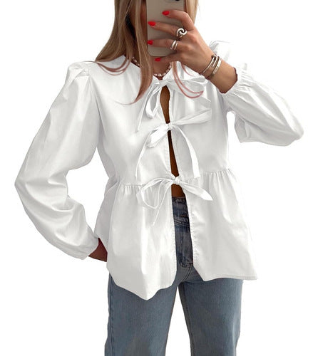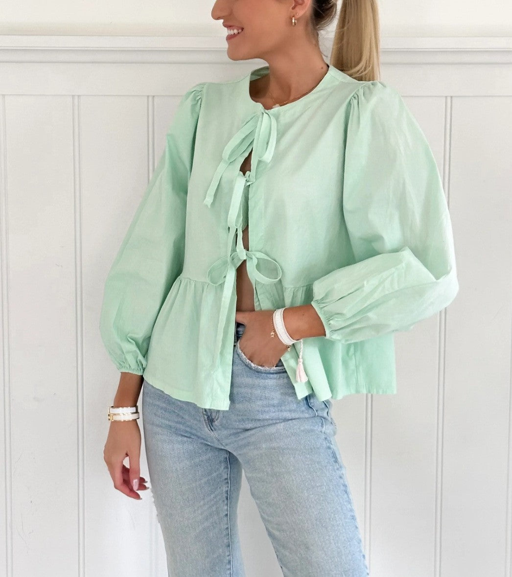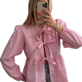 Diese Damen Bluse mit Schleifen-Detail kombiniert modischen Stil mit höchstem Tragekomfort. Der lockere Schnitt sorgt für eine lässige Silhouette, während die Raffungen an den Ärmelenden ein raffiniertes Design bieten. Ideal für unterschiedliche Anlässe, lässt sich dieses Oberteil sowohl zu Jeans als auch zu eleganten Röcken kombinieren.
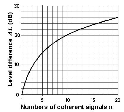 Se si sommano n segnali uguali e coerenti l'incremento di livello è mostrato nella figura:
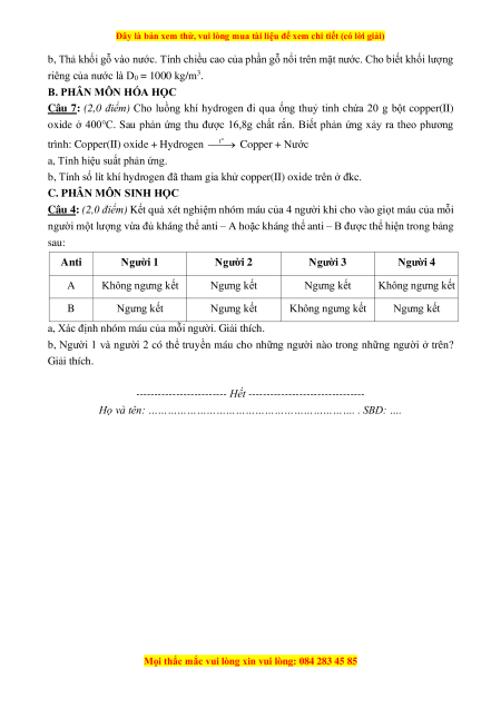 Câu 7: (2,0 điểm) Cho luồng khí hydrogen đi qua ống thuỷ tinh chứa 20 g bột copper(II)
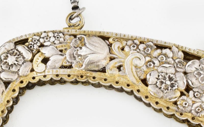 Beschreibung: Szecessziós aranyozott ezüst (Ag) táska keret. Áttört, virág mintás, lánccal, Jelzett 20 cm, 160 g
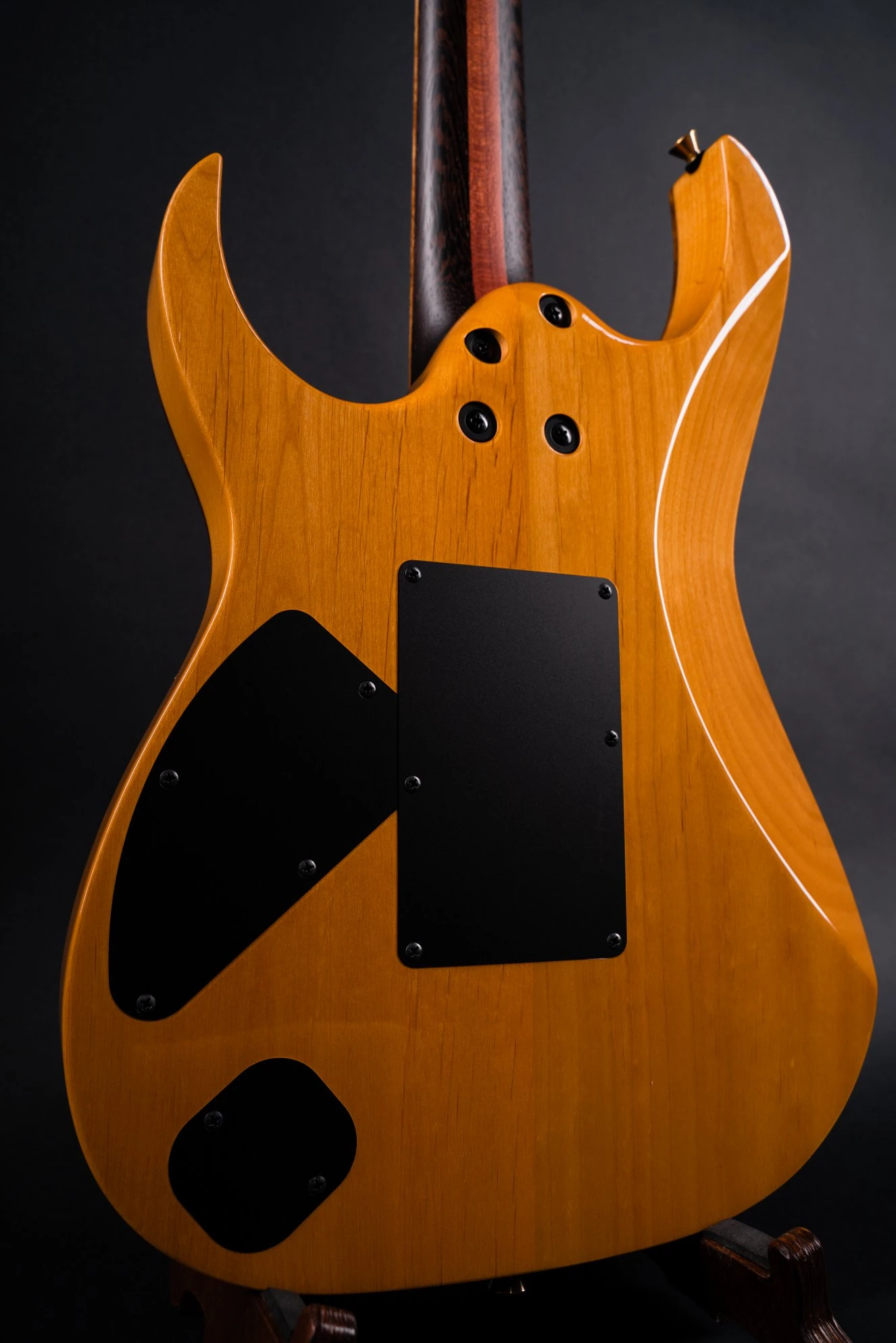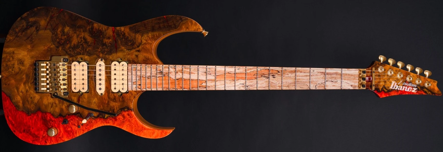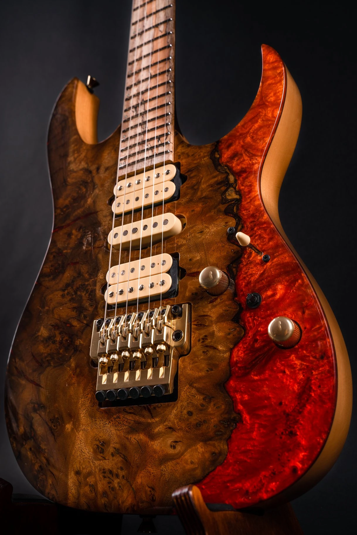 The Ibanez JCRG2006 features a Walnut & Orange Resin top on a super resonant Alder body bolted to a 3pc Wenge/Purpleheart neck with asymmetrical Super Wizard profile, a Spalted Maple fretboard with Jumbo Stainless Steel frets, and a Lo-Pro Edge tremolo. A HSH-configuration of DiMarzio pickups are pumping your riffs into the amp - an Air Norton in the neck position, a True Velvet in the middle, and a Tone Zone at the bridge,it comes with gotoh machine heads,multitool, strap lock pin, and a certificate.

++++++++++

HOW TO COMPLETE THIS TASK – Which lines run from the one containing "Beschreibung: Szecessziós aranyozott" to the end of the entries above? Write them out exactly, leaving out every picture.

SOLUTION BELOW –
 Beschreibung: Szecessziós aranyozott ezüst (Ag) táska keret. Áttört, virág mintás, lánccal, Jelzett 20 cm, 160 g
 The Ibanez JCRG2006 features a Walnut & Orange Resin top on a super resonant Alder body bolted to a 3pc Wenge/Purpleheart neck with asymmetrical Super Wizard profile, a Spalted Maple fretboard with Jumbo Stainless Steel frets, and a Lo-Pro Edge tremolo. A HSH-configuration of DiMarzio pickups are pumping your riffs into the amp - an Air Norton in the neck position, a True Velvet in the middle, and a Tone Zone at the bridge,it comes with gotoh machine heads,multitool, strap lock pin, and a certificate.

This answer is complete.